Interpretive Summary: Environmental impacts of eco-nutrition swine feeding programs in spatially explicit geographic regions of the United States
By: Gerald C Shurson, Rylie E O Pelton, Zhaohui Yang, Pedro E Urriola, Jennifer Schmitt
Very few studies have been conducted to determine the differences in environmental impacts based on the diet composition of growing-finishing swine feeding programs across major pork production regions in the United States. Therefore, the objective of this study was to determine and compare greenhouse gas (GHG) emissions, water consumption, land use, as well as nitrogen (N), phosphorus (P), and carbon (C) balance of five diet formulation strategies and feeding programs for growing-finishing pigs (25–130 kg body weight) in the three spatially explicit U.S. pork production regions.
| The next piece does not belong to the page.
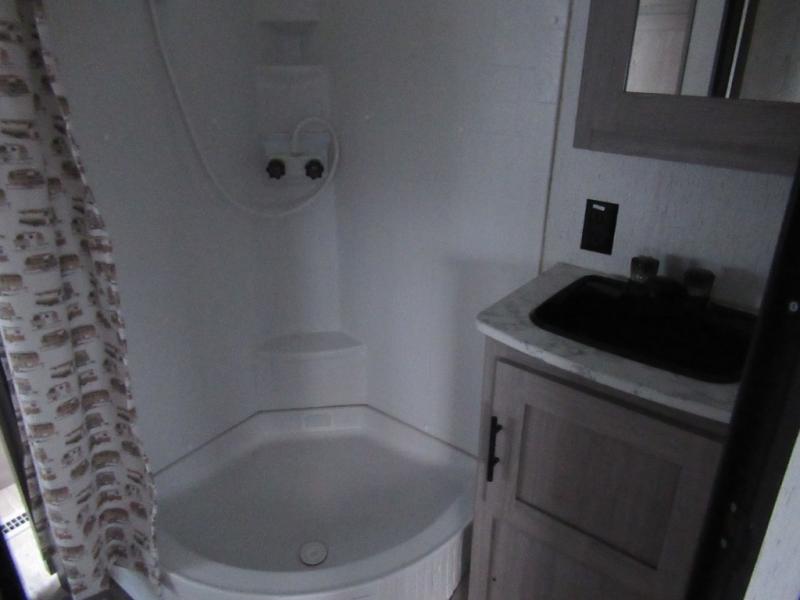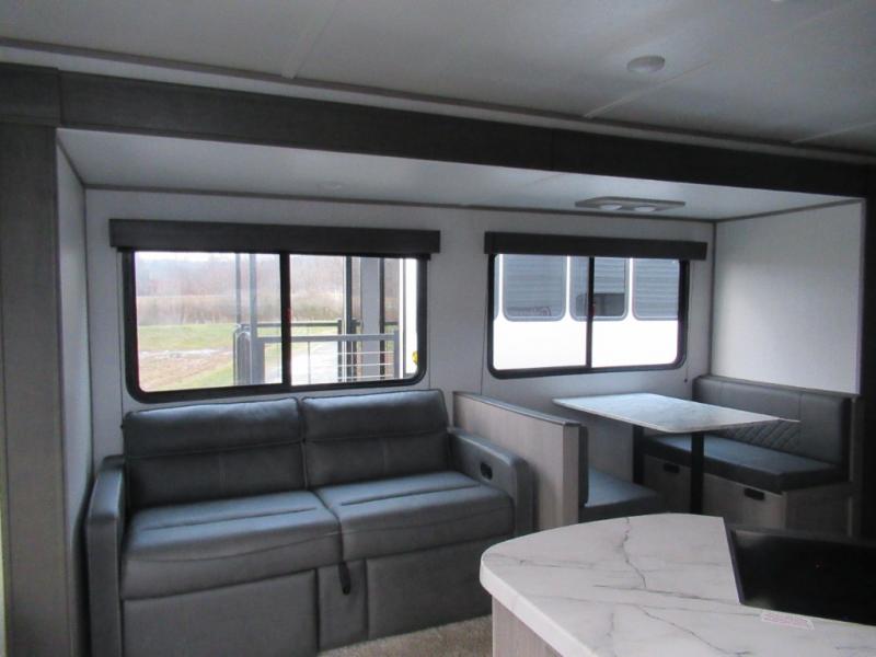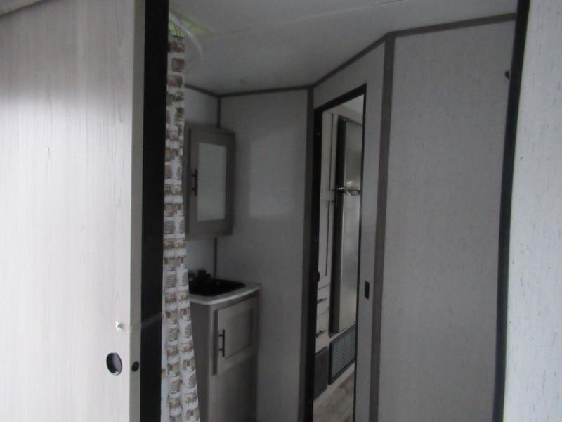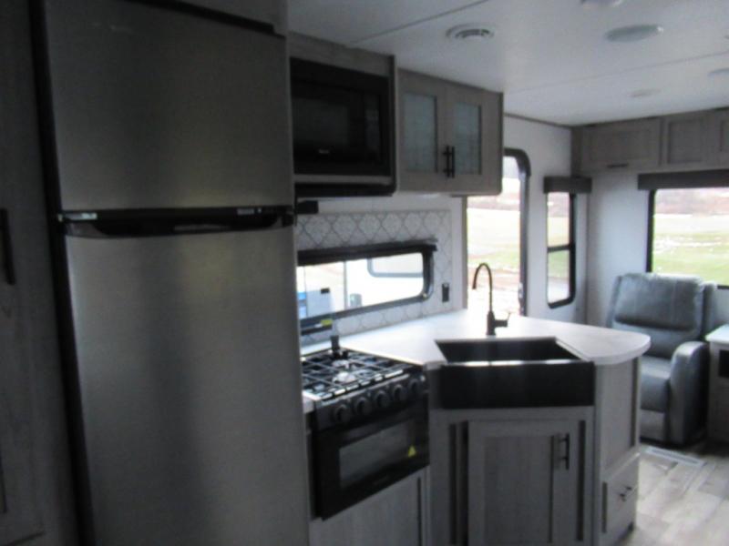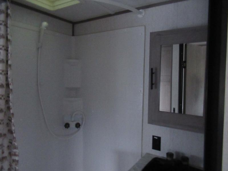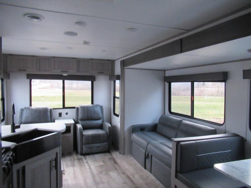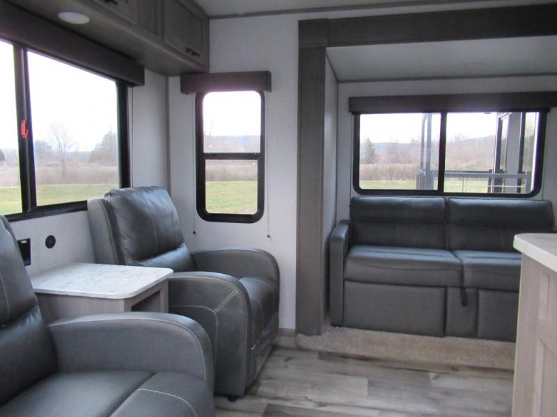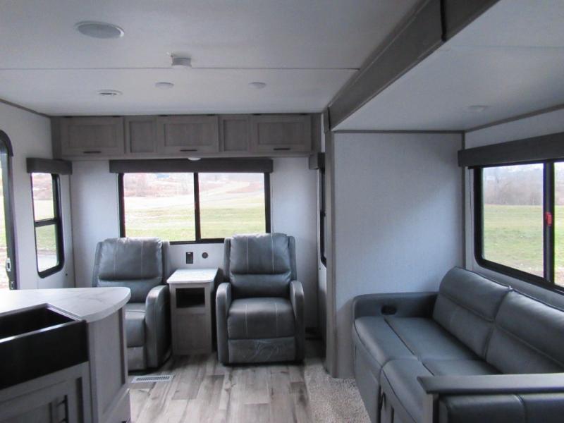 Relax and unwind inside this trailer after a fun day outdoors exploring! You and your person can sit in the swivel rockers as you enter the trailer or make a meal using the kitchen appliances and farm style sink with high rise faucet. Dine inside at the booth dinette or while in the reclining sofa, or eat outside while under the 16' power awning. Your camping chairs can be taken from the front pass-through compartment to help create an outdoor living area under the awning. If you need a restroom break, you can enter the second entry/exit for the trailer into the front bedroom to reach the walk-through bathroom. And the bedroom provides a queen bed, clothing storage and privacy at night.

The corn dried distillers grains with solubles (DDGS), food waste (FW), and low protein-synthetic amino acid (SAA) diets had less estimated N and P excretion compared with corn-soybean meal (CSBM) diets, and the addition of phytase (PHY) to CSBM diets resulted in the greatest reduction in P excretion among feeding programs. Adding FW to diets resulted in the least overall greenhouse gas emissions, water consumption, and land use compared with all other feeding programs, and land use was less for the DDGS and SAA feeding programs than CSBM and PHY feeding programs. The Midwest had the least GHG emissions and land use impact compared with other regions, while the Southwest region had the greatest water consumption associated with feeding programs.